Pemblokiran Akses Layanan Data Berlanjut, Rudiantara Minta Maaf
Mayoritas konten yang disebar di dunia maya bertentangan dengan hukum, antara lain, memprovokasi, menghasut, bahkan mengadu domba.
Oleh
INSAN ALFAJRI
·3 menit baca
JAKARTA, KOMPAS - Menteri Komunikasi dan Informatika Rudiantara meminta maaf kepada masyarakat yang terkena pemblokiran akses layanan data telekomunikasi di Provinsi Papua dan Papua Barat. Pemerintah belum bisa memastikan waktu pencabutan blokir akses layanan data.

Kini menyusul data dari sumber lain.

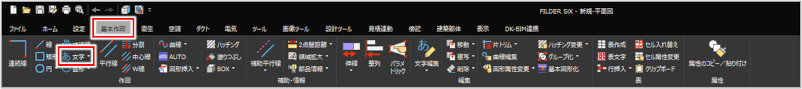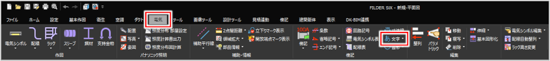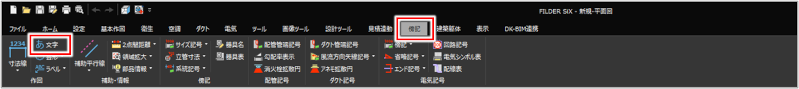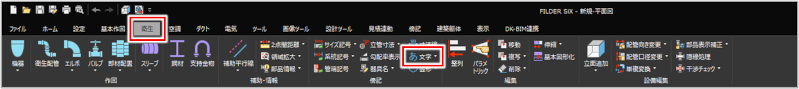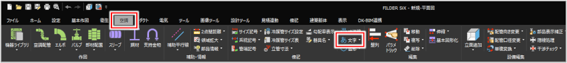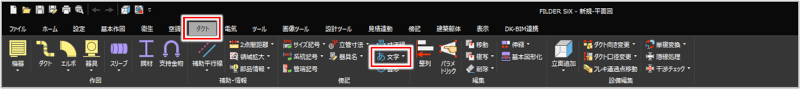 [基本作図]タブ>[文字] [衛生]タブ>[文字] [空調]タブ>[文字] [ダクト]タブ>[文字] [電気]タブ>[文字] [傍記]タブ>[文字] |

"Saya bersimpati kepada saudara-saudara kita di Papua. Saya mohon maaf kalau memang (pemblokiran akses layanan data) ini turut memberi dampak," kata Rudiantara ketika dihubungi dari Jakarta, Minggu (25/8/2019).
Dia menjelaskan, suasana memang berangsur kondusif di Papua dan Papua Barat, pasca-demonstrasi beberapa waktu lalu. Akan tetapi, propaganda di dunia maya belum berhenti.
Hal ini membuat pemerintah belum bisa memastikan pencabutan waktu pembatasan akses layanan data telekomunikasi. “Dunia maya yang dimaksud tidak hanya di lingkup nasional, tetapi sampai merembes ke dunia internasional,” katanya.
Dia menjelaskan, mayoritas konten yang disebar di dunia maya bertentangan dengan hukum, antara lain, memprovokasi, menghasut, bahkan mengadu domba.
Pemerintah, lanjut Menkominfo, bertindak dengan mengacu kepada Undang-undang Nomor 19 Tahun 2016 tentang Perubahan Undang-undang Nomor 11 Tahun 2008 tentang Informasi dan Transaksi Elektronik.
Pasal 40 Ayat 2a menyatakan, pemerintah wajib melakukan pencegahan penyebarluasan dan penggunaan informasi elektronik dan atau dokumen elektronik yang memiliki muatan yang dilarang sesuai dengan ketentuan perundang-undangan.
Selanjutnya, Ayat 2b menerangkan, dalam melakukan pencegahan, pemerintah berwenang melakukan pemutusan akses dan atau memerintahkan penyelenggara sistem elektronik untuk melakukan pemutusan akses terhadap informasi elektronik dan atau dokumen elektronik yang muatan melanggar hukum.
“Saya berharap bisa secepatnya (dicabut). Namun masih belum ada indikasi dari sisi waktu sampai sekarang,” katanya.
Dalam memblokir akses layanan data telekomunikasi ini, Rudiantara memastikan bahwa dirinya berkoordinasi dengan penegak hukum. Di samping menghubungi personel lapangan, Rudiantara juga sudah berkoordinasi dengan Kepala Kepolisian Negara RI (Polri).
“Mana berani saya melakukan hal ini tanpa berkoordinasi dengan penegak hukum,” lanjutnya.
Pemblokiran akses layanan data telekomunikasi memicu reaksi keras dari elemen masyarakat sipil. Pada 23 Agustus lalu, gabungan masyarakat sipil menyomasi Presiden dan Menteri Komunikasi dan Informatika Rudiantara. Dalam somasinya, Presiden dituding telah melakukan perbuatan melanggar hukum dengan membiarkan Rudiantara bertindak di luar batas-batas hukum.
UU Nomor 19 Tahun 2016 tentang Informasi dan Transaksi Elektronik (ITE) menyatakan bahwa pencegahan penyebarluasan dan penggunaan informasi elektronik atau dokumen elektronik yang dapat dibatasi pemerintah hanya untuk konten yang memiliki muatan yang dilarang peraturan perundang-undangan.
Dengan arti kata lain, pemutusan akses hanya dapat dilakukan kepada muatan yang melanggar UU, bukan layanan akses secara keseluruhan.
Peneliti Institute for Criminal Justice Reform (ICJR) Institute for Criminal Justice Reform (ICJR), Ari Pramuditya, menyatakan, elemen masyarakat sipil sedang mempertimbangkan untuk menggugat pemerintah di pengadilan.